Although experts have identified risk factors for prostate cancer, the underlying cause of the disease is not known. Like other cancers, prostate cancer is believed to develop in two steps. During step one, the cells are exposed to factors, such as viruses or toxins, that cause or trigger the unusual or uncontrolled cell growth. During step two, other factors such as diet, hormones, and environmental influences promote the growth and development of the abnormal cells.
Certain factors such as age, ethnicity and genetics cannot be influenced however there are a number of lifestyle, nutrition and other factors that can form part of a program to help both prevent prostate cancer and to maximize your recovery and long term wellness in the event you are diagnosed with the disease. Maintaining maximum prostate health is about both reducing your risk factors as well as providing your body with maximum immunity through preventative wellness.
Just being on the planet for 65 years or longer is considered to be the strongest risk factor for prostate cancer. That’s the age group in which more than 60 percent of prostate cancers show up. (American Cancer Society) Since there’s nothing you can do about this risk factor, concentrate on those that you can control such as lifestyle, nutrition and exercise as well as maintaining a positive, stress and toxin free environment as well as other factors.
Ethnicity – African-American Men
Compared with white men, African-American men are twice as likely to develop prostate cancer in their early 50s and twice as likely to die of the disease. (American Cancer Society) They are also more likely to be in an advanced stage of the disease when diagnosed. (Winterich 2009) On the other end of the spectrum, Asian-Americans and Hispanic/Latino men are less likely to develop prostate cancer.
If your father or brother had or has prostate cancer, you are more than twice as likely to develop the disease. Your risk is ever greater if you have more than one close relative with prostate cancer. (American Cancer Society). Research shows that approximately 10% of prostate cancer cases are hereditary.
Men who typically consume foods that promote inflammation and contain cancer-promoting substances; that is, a high-fat diet, lots of red meat, and one that is low in fiber, fruits and vegetables, and whole grains, have a higher risk of developing prostate cancer than men who do not eat these foods.

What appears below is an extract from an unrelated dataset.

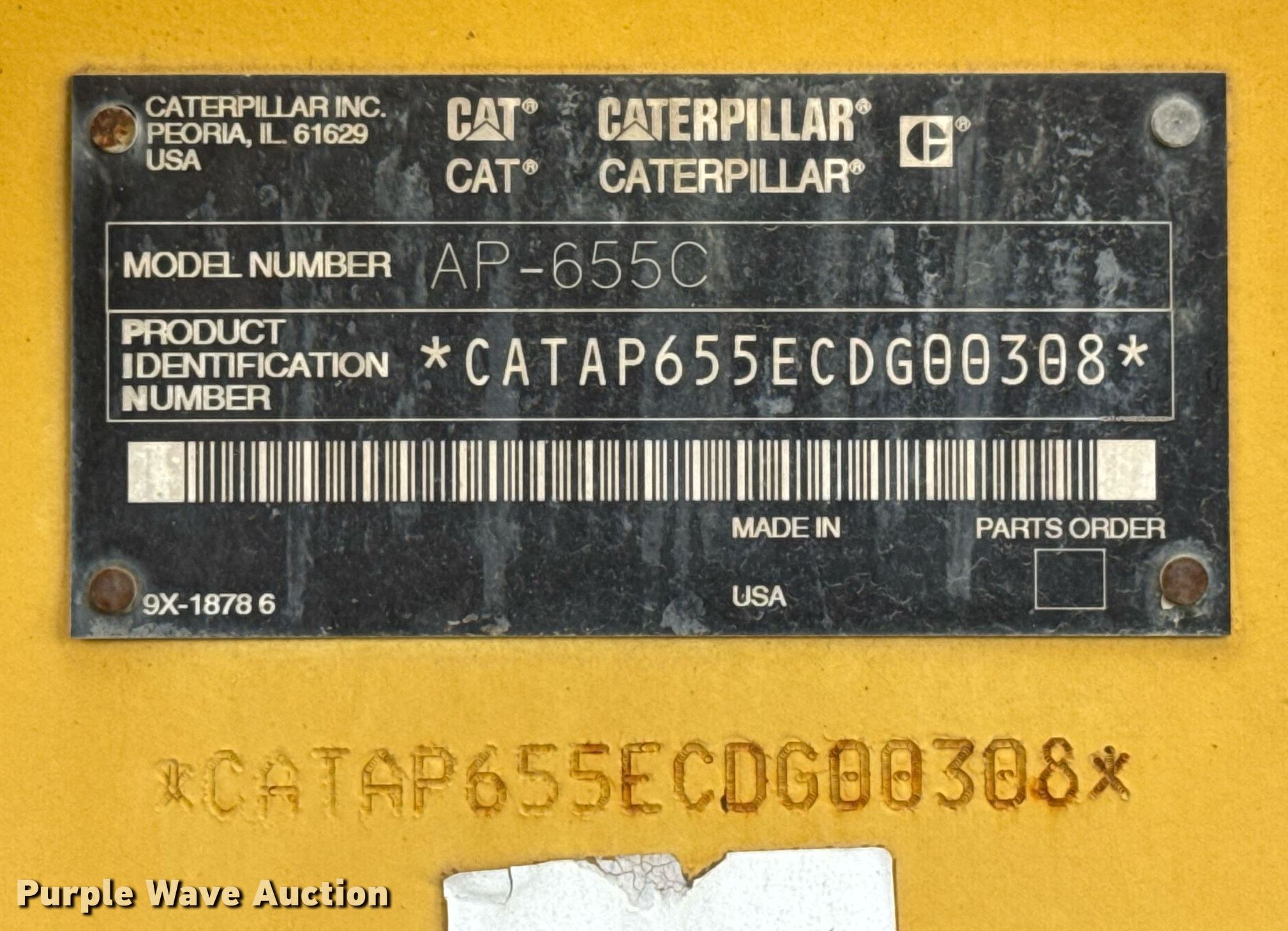 Purple Wave is selling a used Paver or Screed in Oklahoma. This item is a 2004 Caterpillar AP-655C paver with the following: Hours: 9,111 on meter, Serial: CATAP655ECDG00308, Unit #: AS3

Calcium, dairy and other foods and additives have also been linked to a higher risk of prostate cancer and men whose diets are low in certain nutrients and foods such as lycopene, omega 3, vitamin D, antioxidants and other cancer killers have also been shown to have a higher risk of prostate cancer. In addition, according to the World Health Organization “diet might influence prostate cancer risk by affecting hormone levels.”
Exposure to Chemicals
Studies show that men who work in certain occupations (e.g., tire plant workers, farmers, painters) are more likely to get prostate cancer. This is believed to be related to their exposure to chemicals. A 2009 study, for example, found a two-fold increased risk of prostate cancer among farmers who were exposed to pesticides compared with farmers who were not exposed. (Parent 2009) It’s also been estimated that 90 percent of people in the United States have detectable levels of BPA toxin in their bodies. BPA has been associated with various health problems, including an increased risk of cancer, including prostate cancer.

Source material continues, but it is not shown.